The program itself emphasized language development and literacy, Reynolds noted.
Moreover, the program has provided continuity. "Because it's a school-based, there is continuing access to services, and kids stay in the same environment through elementary school," he said. "It promotes positive transitions from one grade to the next."
As overwhelmingly positive as these results appear, government-funded preschool programs, especially those for poor kids, have political implications, Reynolds said.
There isn't enough spending on high-quality services," he said. "The social program that has the biggest effects and the most enduring effects is preschool. But, there is a gap between what we know and what we fund."
"This program can reduce the disparities in education and success," Reynolds declared.
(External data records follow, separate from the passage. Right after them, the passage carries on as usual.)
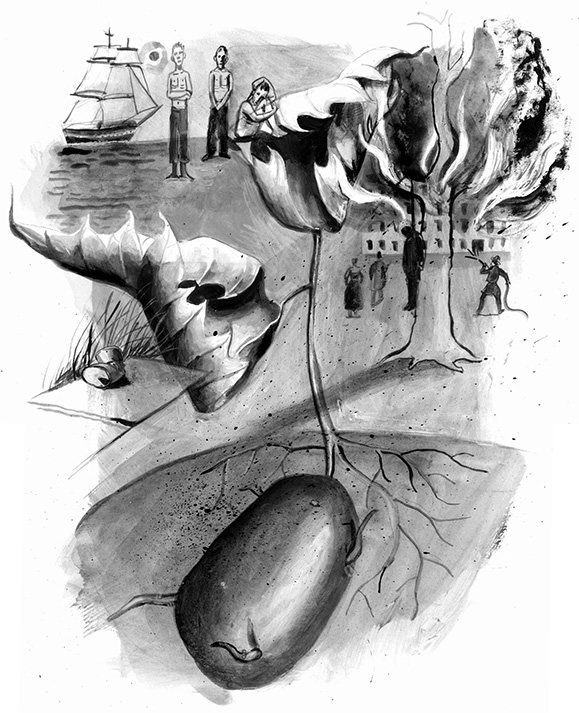 At first, it seemed to be nothing. It was a curled-up dark brown leaf about the size of a good lock of hair and it was preserved in glass in a room in the Fairlow Herbarium in Cambridge, Massachusetts. A typewritten card alongside the leaf said that it was taken from an infected potato plant in Ireland during the famines of 1845-50. I looked at the leaf, read the card, and began to walk away and, of course, did not leave. Here in this glass case was the weapon used by the earth when it turned against man and nearly ended a nation, the leaf that determined the character of its people, wherever they were, for generations at least.
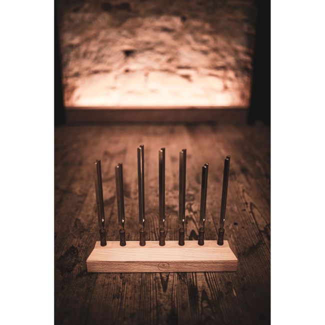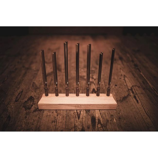 Meinl Sonic Energy Therapy Charka setissä on kaikille seitsemälle Chakralle oma viritetty terapiaäänirauta valmiina. Mukana tulee kätevä puinen teline johon kaikki raudat saa pystyyn.Sonic Energy Therapy -terapiaääniraudat ovat perusmalleja pidempiä ja soivat siksi myös pidempään. Tarkoitus on vähentää terapiaistunnossa vaadittavien iskujen määrää.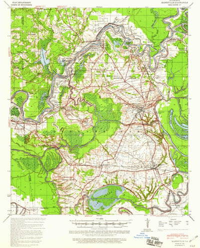 A 1940 historical topographic map of Marksville in Louisiana produced by the United States Geological Survey (USGS). It shows contour lines, place names, water bodies and roads. Map services and data available from U.S. Geological Survey, National Geospatial Program. Map was obtained from https:/...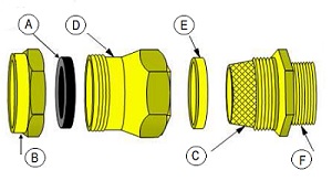 • Type B. Untuk kabel kepang lapis baja atau kawat, di mana fungsi gland kabel ini adalah untuk mempertahankan armor atau logam kepang dan untuk memberikan kontinuitas listrik antara baja atau kepang dan gland kabel..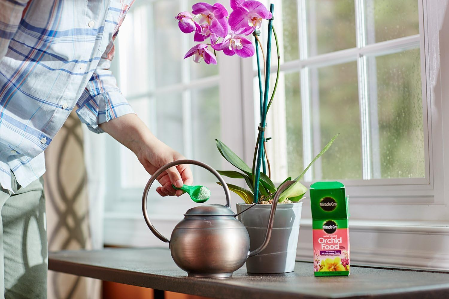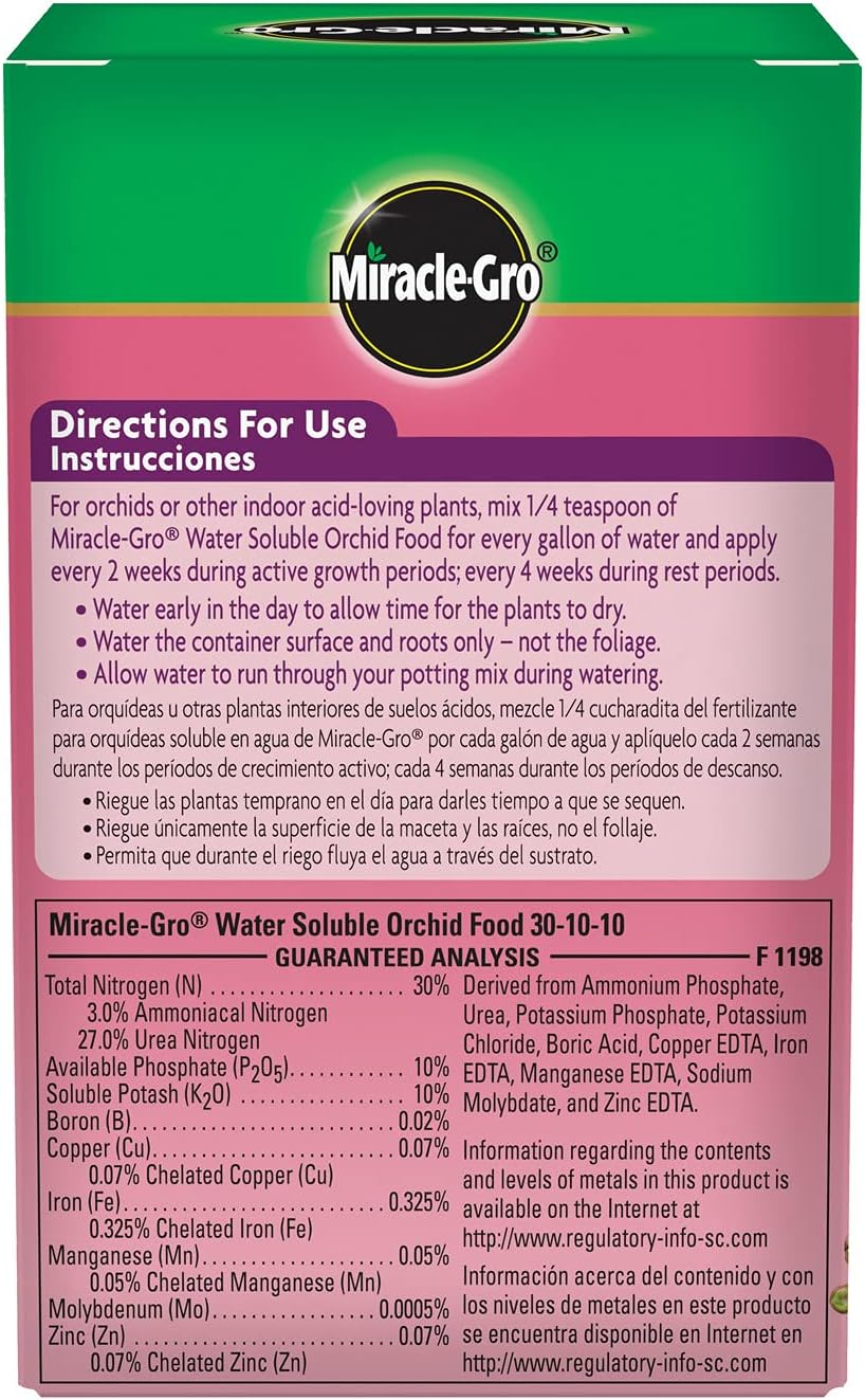 Miracle-Gro Water Soluble Orchid Food is a great way to nurture orchids and other acid-loving plants. It gives plants a deep, rich leaf color, beautiful blooms, and strong roots. Apply it every 2 weeks during active growth periods and every 4 weeks during rest periods. Grow a colorful, beautiful orchid with Miracle-Gro Water Soluble Orchid Food.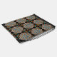 The repeating circular forms with intricate inner detailing make this pattern geometric and organic with flower mandalas and tiled patterns. The subtle color accents bring in warmth without overwhelming the flower mandalas in brown, tan, turquoise, orange, white and black.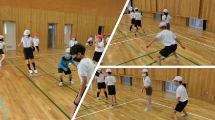 反復横跳びと,立ち幅跳びを体育館でしました。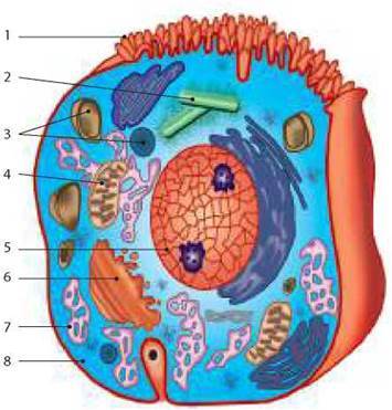 6 - апарат Гольджі; 7 - ендоплазматична сітка; 8 - цитоплазма

Reynolds added that while this program costs more than some other preschool programs, it pays dividends later in life because adults who went through the program are more likely to succeed and not burden public health programs or the legal system.
But not everyone believes that the federal government should be funding early childhood education programs.
Andrew J. Coulson, director of the Cato Institute's Center for Educational Freedom, the "the study's findings on the Chicago Parent Center program are certainly interesting but they do not provide evidence in support of the authors' policy recommendations."
"While a few specific pre-K programs seem to have had lasting impacts, they appear to be exceptions rather than the rule," he said. "More specifically, the federal government's efforts to scale-up the success of those particular programs, over four decades and at very great cost, have not proven effective. Yet another study pointing to the effect of one of the three pre-K programs that did have lasting effects does not alter that picture," Coulson said.